Second, the jurisdictional analysis must focus on "the defendant's contacts with the forum State itself, not the defendant's contacts with persons who reside there." Id. A plaintiff "cannot be the only link between the defendant and the forum." Id. "Rather, it is the defendant's conduct that must form the necessary connection with the forum State that is the basis for its jurisdiction over him." Id. "[A] defendant's relationship with a plaintiff or third party, standing alone, is an insufficient basis for jurisdiction." Id. at 1123. "Due process requires that a defend-ant be haled into court in a forum State based on his own affiliation with the State, not based on the random, fortuitous, or attenuated' contacts he makes by interacting with other persons affiliated with the State." Id. (quoting Burger King v. Rudzewicz, 471 U.S. 462, 475 (1985).
B. Fair Play and Substantial Justice
Even if a defendant's actions created sufficient minimum contacts, the court must still consider whether the exercise of personal jurisdiction "would offend traditional notions of fair play and substantial justice." Newsome v. Gallacher, 722 F.3d 1257, 1271 (10th Cir. 2013). "Such cases are rare." Id. The defendant "must present a compelling case that the presence of some other considerations would render jurisdiction unreasonable." Burger King, 471 U.S. at 477. This analysis usually involves five factors:
(1) the burden on the defendant, (2) the forum state's interest in resolving the dispute, (3) the plaintiff's interest in receiving convenient and effective relief, (4) the interstate judicial system's interest in obtaining the most efficient resolution of controversies, and (5) the shared interest of the several states in furthering fundamental substantive social policies.
Newsome, 722 F.3d at 1271.
III. Discussion and Analysis
Guided by those legal principles, the Court now turns to Defendants Hunt and Dedmon's motion to dismiss for lack of personal jurisdiction. Because the requisite analysis depends on the underlying cause of action, the Court addresses the contract and tort claims separately.
A. Contract Claim
AgJunction brings a breach of contract claim (Count III) against Hunt and Dedmon, alleging that they breached the confidentiality provisions of their employment agreements with AgJunction.

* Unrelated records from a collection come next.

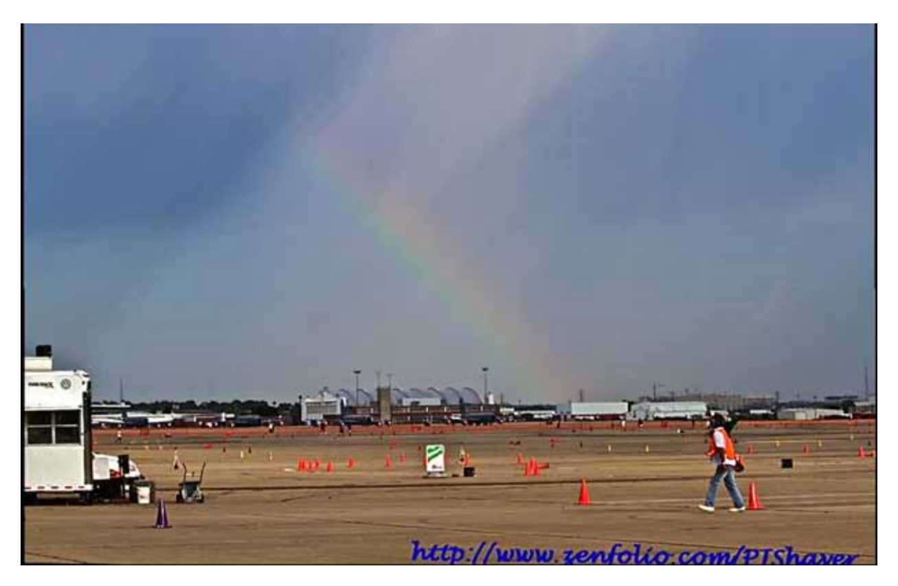
A zillion square feet of concrete

Nationals courses are the best youll see all year. They are long because of the size of this site which is something like a zillion square feet of concrete, more or less. And they are more challenging than a typical regional course. The designers are usually geniuses with IQs of about 192. Well, that's an exaggeration but they re smart anyway. So although you can memorize the course in a couple or three walks, it's best to take a few more in order to truly understand what the course wants you to do in order to go as fast as you can. Given most driver's limited skills (let's see those hands go up ... Will you can put yours down) the extra walks are a good idea. Try to pace yourself and take a long break for lunch. Talk to friends from back home and also to those you see only once a year at Nationals. Walk, rest, hang out, walk some more. Go back to the hotel and take another nap. By the time Will and I were done walking it was getting dark and we were hungry and tired from miles of hiking both courses.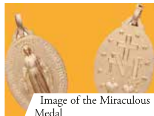
Image of the Miraculous Medal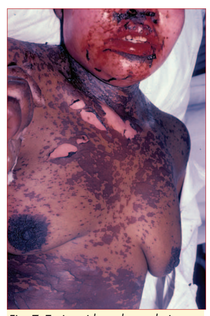
Fig. 7. Toxic epidermal necrolysis.

most important causes of TEN are sulphonamides, ampicillin, amoxycillin, antituberculous drugs, NSAIDs, allopurinol, phenytoin, phenobarbitol and phenolphthalein laxatives. Treatment is as for severe burns, and largely supportive. There is evidence that cyclosporin, administered early, is effective. TEN in South Africa has also become much more common because of HIV infection

With contract claims, courts ask whether the defendants "purposefully availed" them-selves of the privilege of conducting activities or consummating transactions in the forum state. Dudnikov v. Chalk & Vermilion Fine Arts, Inc., 514 F.3d 1063, 1071 (10th Cir. 2008). In making this determination, courts examine the parties' "prior negotiations and contemplated future consequences, along with the terms of the contract and the parties' actual course of dealing." Marcus Food Co. v. DiPanfilo, 671 F.3d 1159, 1166-67 (10th Cir. 2011). That is, the contract relied upon to establish minimum contacts must have a "substantial connection" with the forum state. TH Agric. & Nutrition, LLC v. Ace European Group Ltd., 488 F.3d 1282, 1288 (D. Kan. 2007).
Defendants have done nothing to "purposely avail" themselves of the privilege of conducting activities in Kansas. Indeed, AgJunction's Memorandum in Opposition to Defendants' Motion to Dismiss (Doc. 35) effectively concedes as much-it does not even mention AgJunction's contract claims, basing its arguments for jurisdiction only on the tort claims asserted in the Complaint.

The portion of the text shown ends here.